Closed maypok86 closed 9 months ago
Thanks for touching.
I corrected two obvious mistakes
For other points of you mentioned, I need do more study and thoughts.
Throughput benchmarks
b.SetParallelism(32)
intentionally and think it's reasonable, because I'd like to simulate a highly concurrent web handler.Memory usage benchmarks
General questions:
Oh, I think I got a bit your point
Q: Why choose to implement a fixed size cache without active/background eviction? A: I'm a fan of fastcache philosophy, so I'd like to get a "generics" version alternative to fastcache with a simple LRU strategy
Throughput benchmarks
1 Maybe, but in the end the results of such runs don't inspire much confidence, especially since already now in github actions phuslu/lru loses to go-freelru. Especially since the numbers in benchmarks are just huge for such operations.
2 We'd all like to test this, but the bottom line is that you can't execute more than the number of goroutines in parallel than the number of available CPU cores physically. Which makes you check the speed of the scheduler, although you still want to see the speed of the caches.
4 (and 5) I don't think I explained it well. Let's do it again. First, you will never insert an element with i > threshold. Threshold = cachesize / 10, and the cache would fill for all i < cachesize / 2. The end result is that all set operations are updates, and half of get operations are cache misses, which is pretty sad considering that cache misses are cheaper than cache hits, and with updates phuslu/lru just doesn't waste time maintaining the expiration policy. The second thing I've also run into is that using a distribution from unique keys for benchmarks is pretty bad at reflecting real-world behavior. Usually in real life the workload at least remotely resembles a zipf distribution with hot and cold elements. In your benchmarks, because of the unique key distribution, there is no difference between using sync.Mutex and sync.RWMutex, because the fastpath is always triggered. Anyway, the key question here is "Why are you trying to test on unique keys?". Really very interesting because I can't find any decent explanation.
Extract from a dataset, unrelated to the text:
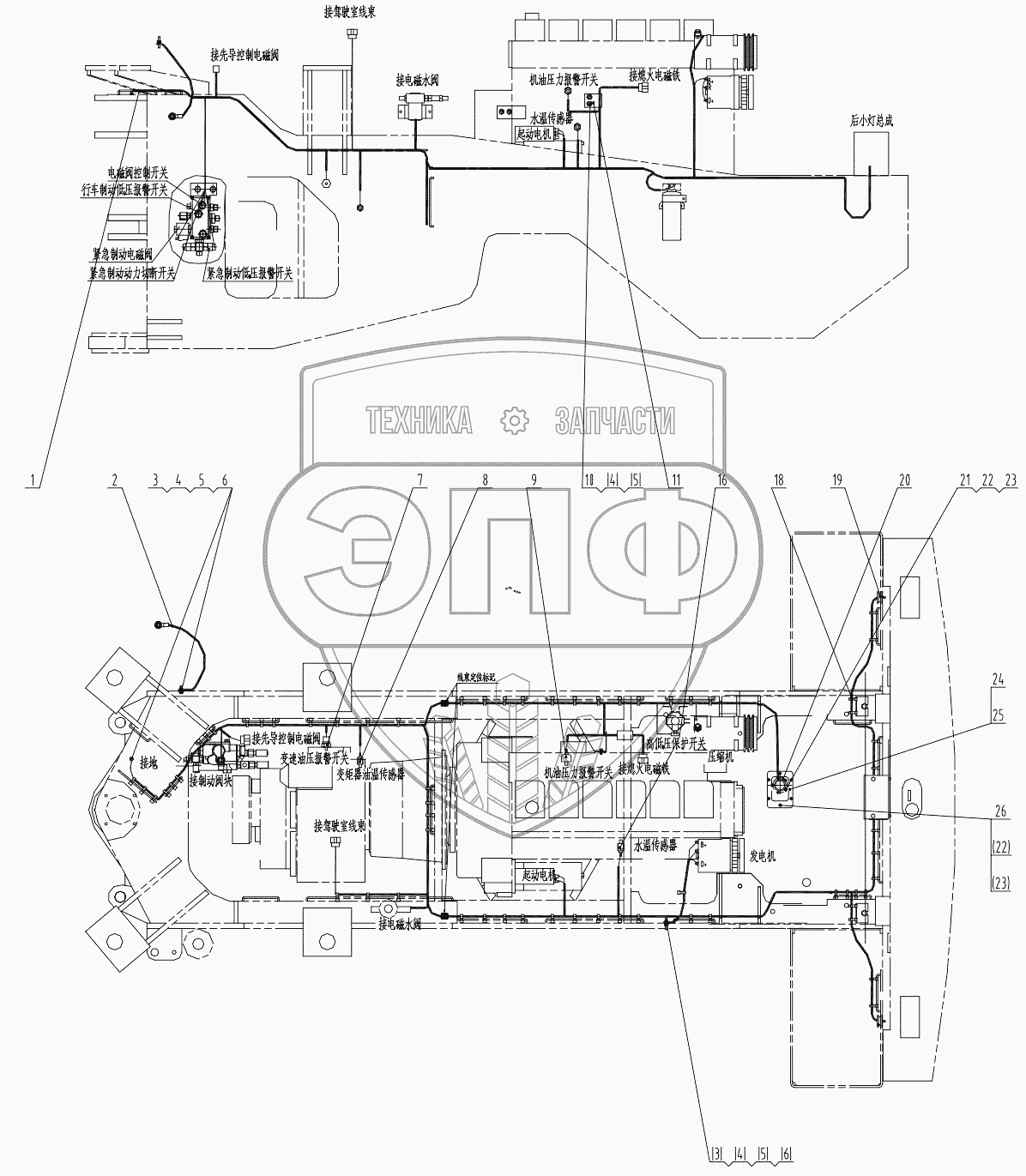 Каталог запасных частей к технике: LiuGong CLG-856I. 46C1744 003 REAR FRAME WIRING

There is also a problem with fastrand, because in the first iteration you can have i = 16, and in the second i = 999_999 and so on, which prevents the cpu/compiler from utilizing the full potential of your hardware, but okay.
Memory benchmarks
2 Yes, it's an advantage, no one is even against that advantage🙃. The only problem is that in your benchmarks keys take up more memory than values, which benefits phuslu/lru and otter, but in real life values usually take up more space than keys.
3 Ok, although that's pretty sad considering facebook and twitter's statements about expiration policies. Oh and memory usage comparisons don't look fair then.
General questions
Perhaps my questions may seem picky, but I really want to make better comparisons and learn something new. I've given up trying to make memory usage comparisons honest, but throughput benchmarks and hit ratio simulation I believe we can try to make them honest, although rounding cache sizes make that difficult too.
Throughput benchmarks
1 github actions is cheap(trigger on each push) and visible, I'd like to keep it.
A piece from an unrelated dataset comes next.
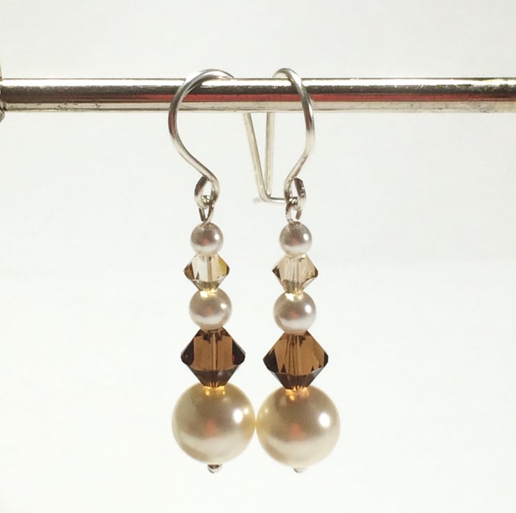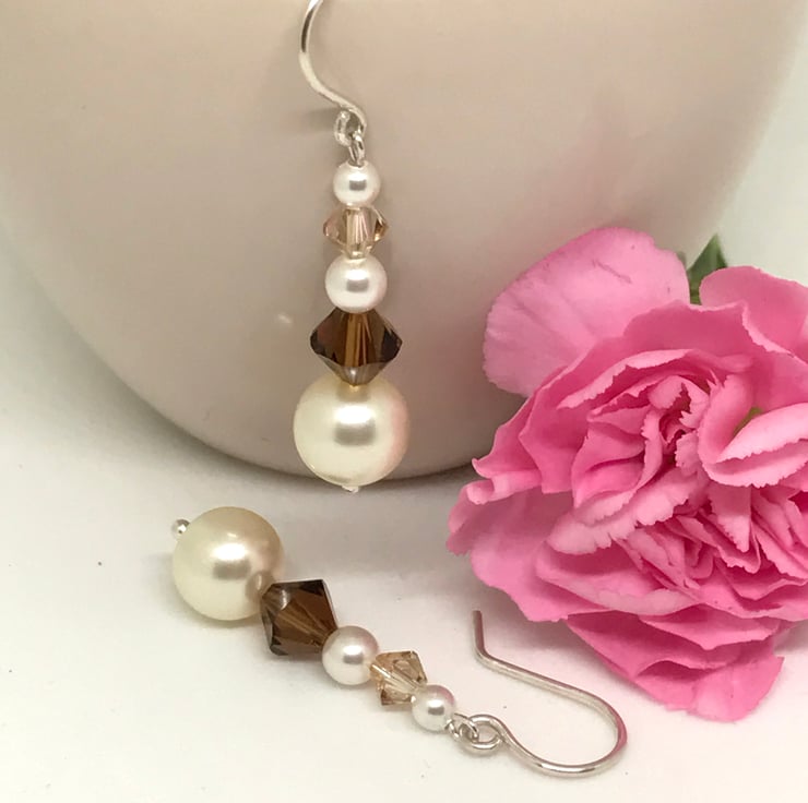 I have created these sterling silver earrings using beautiful crystals in dark topaz, golden shadow and cream glass pearl beads. I have handcrafted the hooks with sterling silver wire.

2 I changed to concurrency to 8(same as the cpu number).
4 (and 5) Understood, I give a quick/temp fix by call fastrand twice, will try simplify this case soon . And for reason I choose "unique key test"(I call it randomly read/write) because it's easier to implemented and I think it's fair to major go lru caches. I agree that it's not fair/honest to RTO(Ristretto/Theine/Otter), let me add zipf benchmark later.
Memory benchmarks
2 Agree, but I think I followed the common test styles/cases on the "market".
3 Emmm, this does set up a restricted scenario for phuslu/lru, but it's really everyone's choice
General questions
Many of the questions you raised are very insightful and let me learn/study. One of motivation that I spend a lot of time to tweak/revise this implementation is: I'd like show that the traditional implementation (shards + lru) still have its value if we implement it carefully.
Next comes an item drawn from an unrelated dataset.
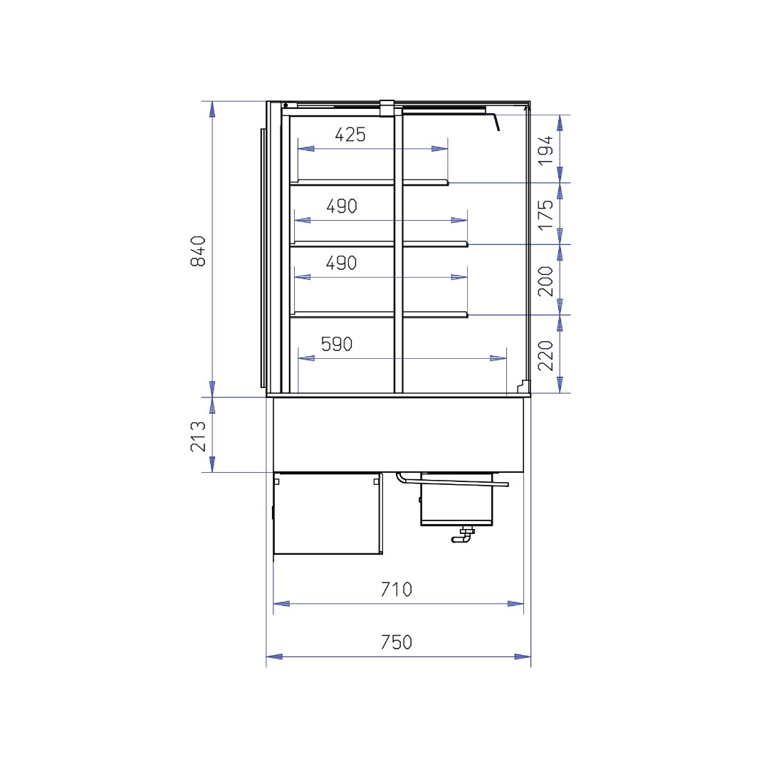 | Døre | Skydedøre bagved til betjening |

The initial motivation https://twitter.com/phuslu/status/1743236300977922502 and during the implementation I was greatly influenced by fastcache philosophy.
I checked your one of benchmark results here https://github.com/maypok86/benchmarks/blob/main/ratio/ratio.txt the Ristretto results is very abnormal , any reason/root cause?
Throughput benchmarks
1 This was actually the main reason why I came at all. Unfortunately the github actions don't look like cheap, at least because of the huge latency in benchmarks. Especially since I have a suspicion that you were given much less than 8 CPU cores, because for server CPUs those are very weak numbers.
2 It is not required and even harmful, as you can make sure of it just by opening the SetParallelism description
SetParallelism sets the number of goroutines used by RunParallel to p*GOMAXPROCS. There is usually no need to call SetParallelism for CPU-bound benchmarks. If p is less than 1, this call will have no effect.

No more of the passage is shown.